::: SUPPLIED RECORDS :::

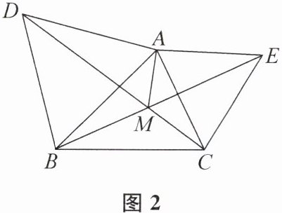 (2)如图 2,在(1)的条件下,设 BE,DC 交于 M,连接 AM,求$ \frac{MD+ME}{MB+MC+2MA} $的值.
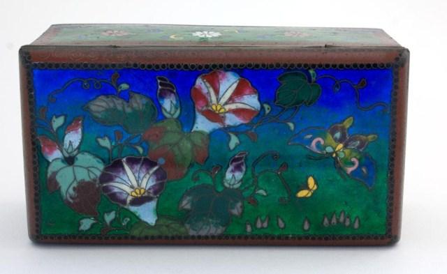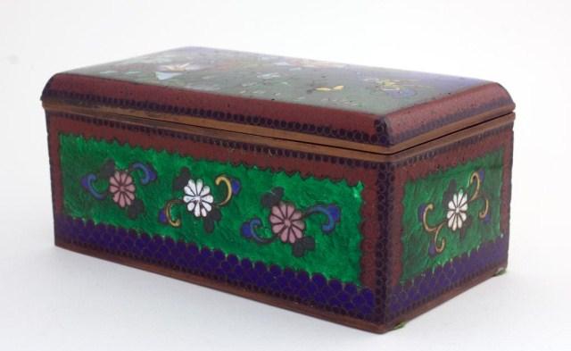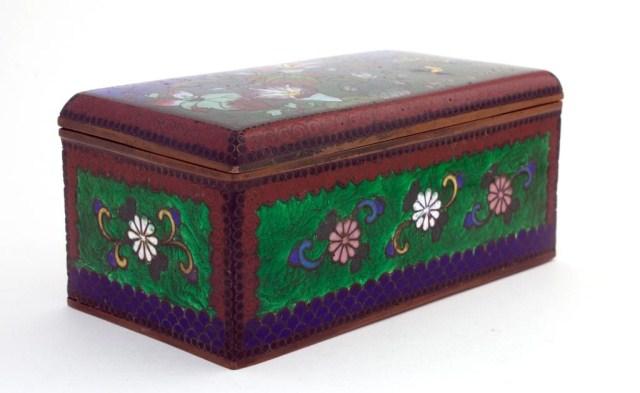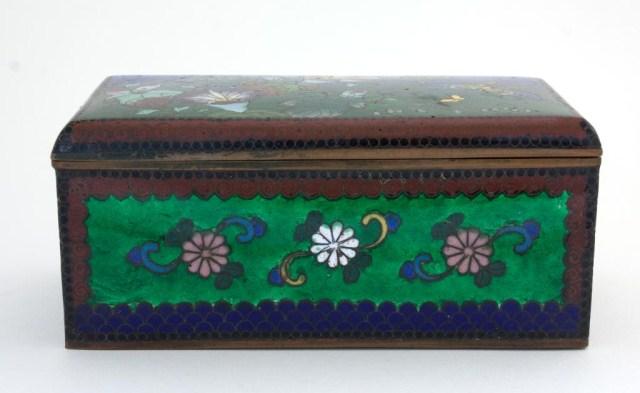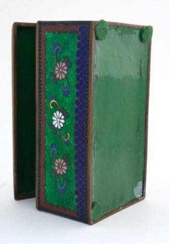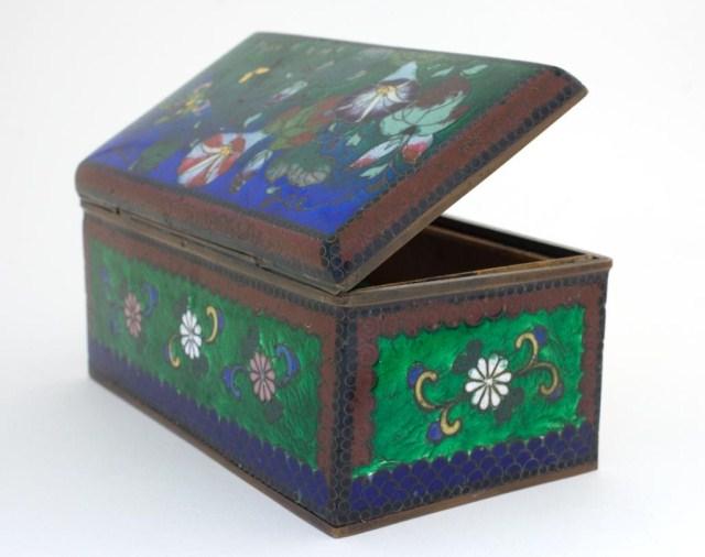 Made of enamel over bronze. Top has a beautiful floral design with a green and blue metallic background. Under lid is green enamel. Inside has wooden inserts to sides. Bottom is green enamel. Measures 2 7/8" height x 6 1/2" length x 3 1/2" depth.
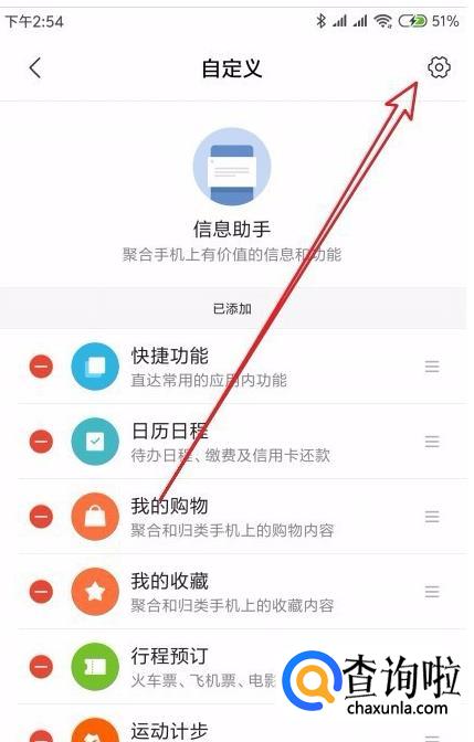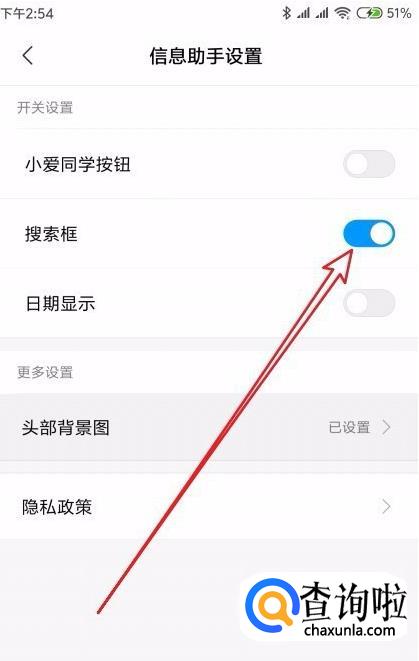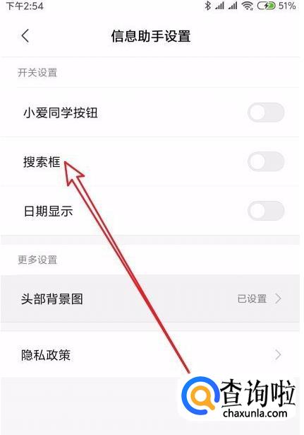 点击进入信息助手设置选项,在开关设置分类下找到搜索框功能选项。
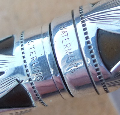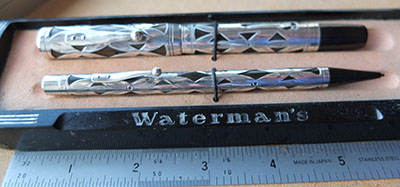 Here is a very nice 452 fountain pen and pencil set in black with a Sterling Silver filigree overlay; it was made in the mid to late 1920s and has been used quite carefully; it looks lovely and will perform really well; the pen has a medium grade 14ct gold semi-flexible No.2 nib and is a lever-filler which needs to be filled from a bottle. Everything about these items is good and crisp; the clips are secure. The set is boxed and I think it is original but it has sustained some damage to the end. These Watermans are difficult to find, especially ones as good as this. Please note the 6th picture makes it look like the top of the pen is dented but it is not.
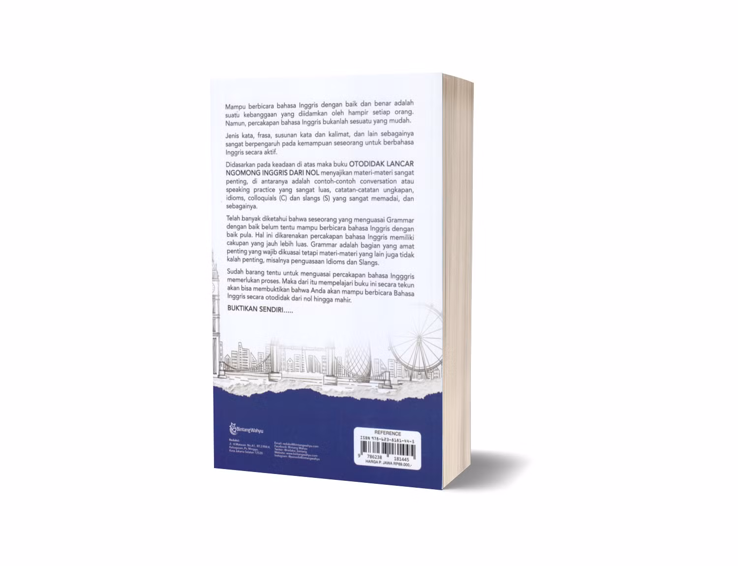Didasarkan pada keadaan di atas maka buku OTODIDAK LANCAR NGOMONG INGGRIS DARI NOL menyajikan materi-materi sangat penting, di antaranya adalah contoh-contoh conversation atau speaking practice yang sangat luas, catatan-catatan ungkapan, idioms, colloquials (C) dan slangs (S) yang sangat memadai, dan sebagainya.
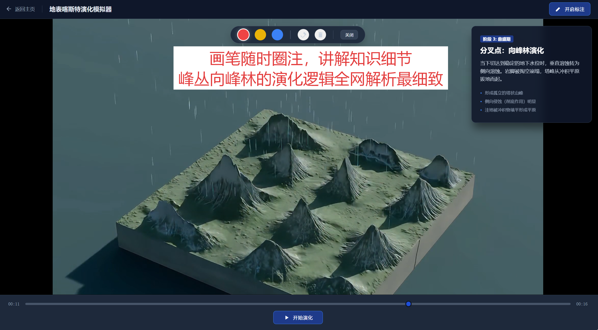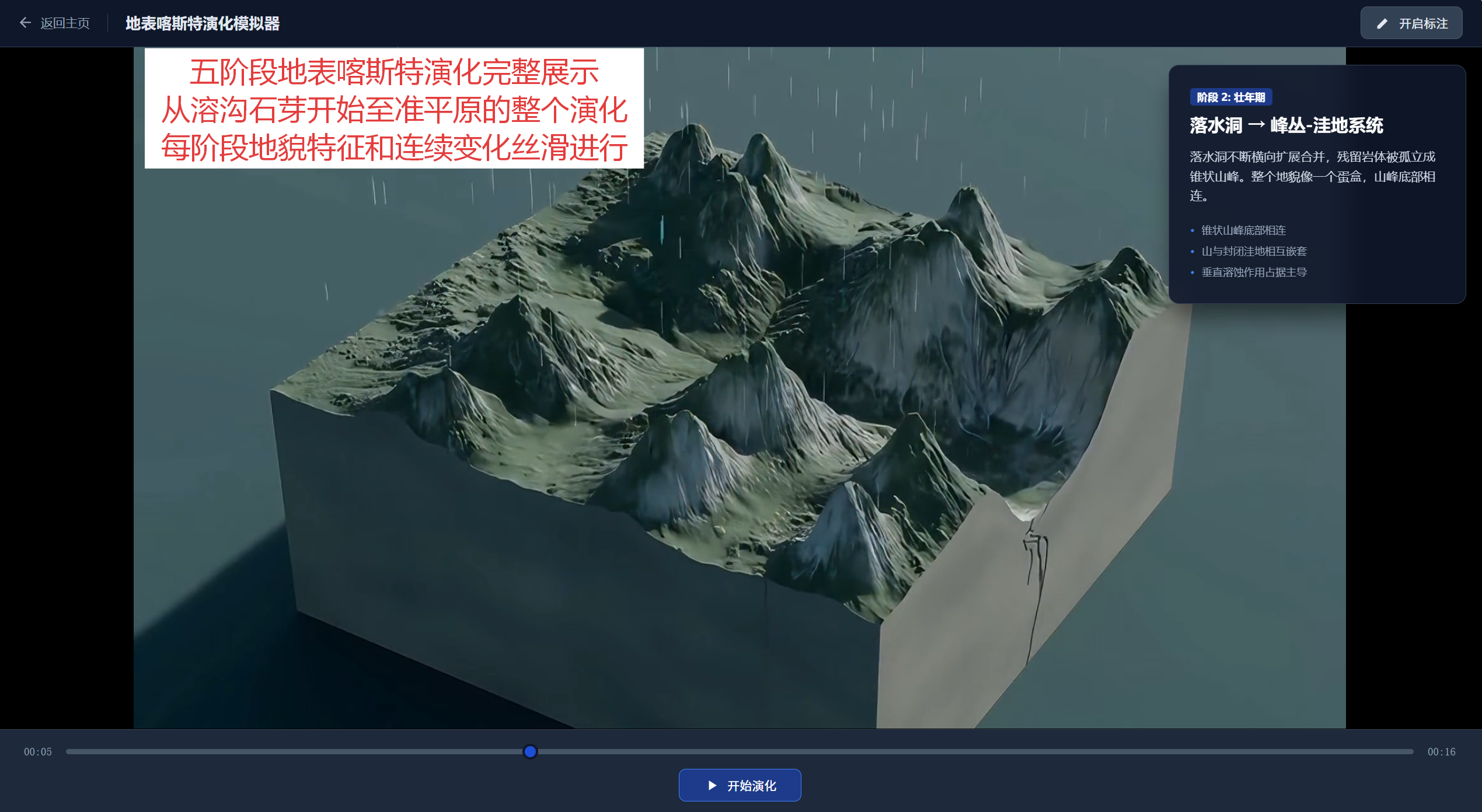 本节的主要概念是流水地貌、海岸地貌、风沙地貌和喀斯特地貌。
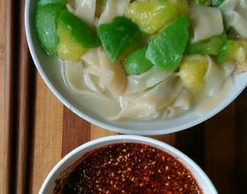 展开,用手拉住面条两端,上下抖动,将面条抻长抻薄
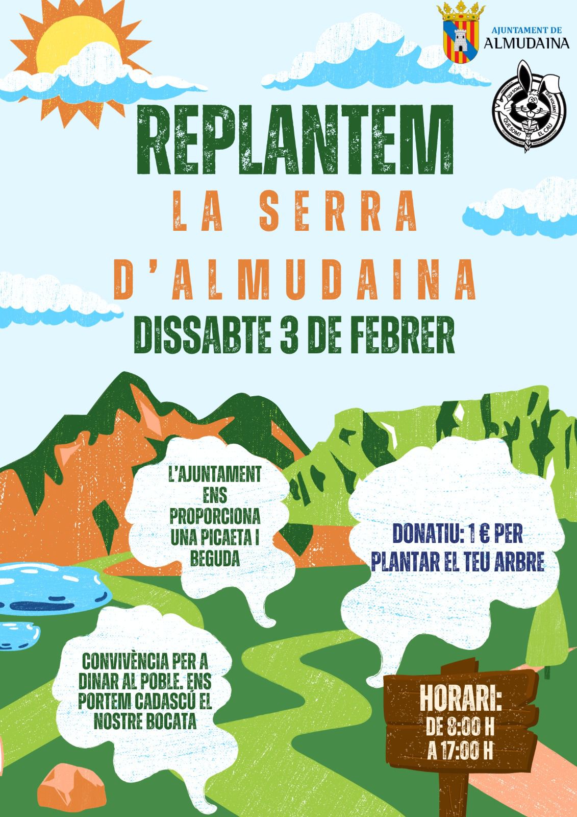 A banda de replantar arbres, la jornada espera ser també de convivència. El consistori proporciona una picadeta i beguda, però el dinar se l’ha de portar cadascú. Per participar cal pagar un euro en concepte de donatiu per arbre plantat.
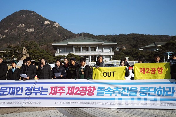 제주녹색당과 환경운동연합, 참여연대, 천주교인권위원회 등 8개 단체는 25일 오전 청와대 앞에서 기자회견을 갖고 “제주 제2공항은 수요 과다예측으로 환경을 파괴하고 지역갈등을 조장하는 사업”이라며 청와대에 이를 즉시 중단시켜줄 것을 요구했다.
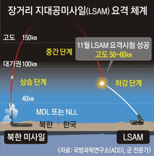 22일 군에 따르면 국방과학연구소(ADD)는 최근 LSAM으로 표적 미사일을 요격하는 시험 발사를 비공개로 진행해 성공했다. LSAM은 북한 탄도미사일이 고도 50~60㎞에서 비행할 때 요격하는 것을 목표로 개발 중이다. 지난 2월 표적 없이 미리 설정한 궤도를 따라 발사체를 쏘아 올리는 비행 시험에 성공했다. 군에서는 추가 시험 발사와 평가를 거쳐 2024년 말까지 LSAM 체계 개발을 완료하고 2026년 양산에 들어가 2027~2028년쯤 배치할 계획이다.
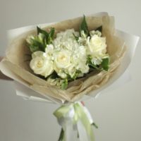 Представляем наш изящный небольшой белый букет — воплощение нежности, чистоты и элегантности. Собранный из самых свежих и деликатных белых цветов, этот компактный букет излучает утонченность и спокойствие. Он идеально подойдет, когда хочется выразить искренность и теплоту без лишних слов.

:::

WORK TO BE COMPLETED: Restate all entries exactly; pictures stay out.

ANSWER SPACE:
 (2)如图 2,在(1)的条件下,设 BE,DC 交于 M,连接 AM,求$ \frac{MD+ME}{MB+MC+2MA} $的值.
 Made of enamel over bronze. Top has a beautiful floral design with a green and blue metallic background. Under lid is green enamel. Inside has wooden inserts to sides. Bottom is green enamel. Measures 2 7/8" height x 6 1/2" length x 3 1/2" depth.
 点击进入信息助手设置选项,在开关设置分类下找到搜索框功能选项。
 Here is a very nice 452 fountain pen and pencil set in black with a Sterling Silver filigree overlay; it was made in the mid to late 1920s and has been used quite carefully; it looks lovely and will perform really well; the pen has a medium grade 14ct gold semi-flexible No.2 nib and is a lever-filler which needs to be filled from a bottle. Everything about these items is good and crisp; the clips are secure. The set is boxed and I think it is original but it has sustained some damage to the end. These Watermans are difficult to find, especially ones as good as this. Please note the 6th picture makes it look like the top of the pen is dented but it is not.
Didasarkan pada keadaan di atas maka buku OTODIDAK LANCAR NGOMONG INGGRIS DARI NOL menyajikan materi-materi sangat penting, di antaranya adalah contoh-contoh conversation atau speaking practice yang sangat luas, catatan-catatan ungkapan, idioms, colloquials (C) dan slangs (S) yang sangat memadai, dan sebagainya.
 本节的主要概念是流水地貌、海岸地貌、风沙地貌和喀斯特地貌。
 展开,用手拉住面条两端,上下抖动,将面条抻长抻薄
 A banda de replantar arbres, la jornada espera ser també de convivència. El consistori proporciona una picadeta i beguda, però el dinar se l’ha de portar cadascú. Per participar cal pagar un euro en concepte de donatiu per arbre plantat.
 제주녹색당과 환경운동연합, 참여연대, 천주교인권위원회 등 8개 단체는 25일 오전 청와대 앞에서 기자회견을 갖고 “제주 제2공항은 수요 과다예측으로 환경을 파괴하고 지역갈등을 조장하는 사업”이라며 청와대에 이를 즉시 중단시켜줄 것을 요구했다.
 22일 군에 따르면 국방과학연구소(ADD)는 최근 LSAM으로 표적 미사일을 요격하는 시험 발사를 비공개로 진행해 성공했다. LSAM은 북한 탄도미사일이 고도 50~60㎞에서 비행할 때 요격하는 것을 목표로 개발 중이다. 지난 2월 표적 없이 미리 설정한 궤도를 따라 발사체를 쏘아 올리는 비행 시험에 성공했다. 군에서는 추가 시험 발사와 평가를 거쳐 2024년 말까지 LSAM 체계 개발을 완료하고 2026년 양산에 들어가 2027~2028년쯤 배치할 계획이다.
 Представляем наш изящный небольшой белый букет — воплощение нежности, чистоты и элегантности. Собранный из самых свежих и деликатных белых цветов, этот компактный букет излучает утонченность и спокойствие. Он идеально подойдет, когда хочется выразить искренность и теплоту без лишних слов.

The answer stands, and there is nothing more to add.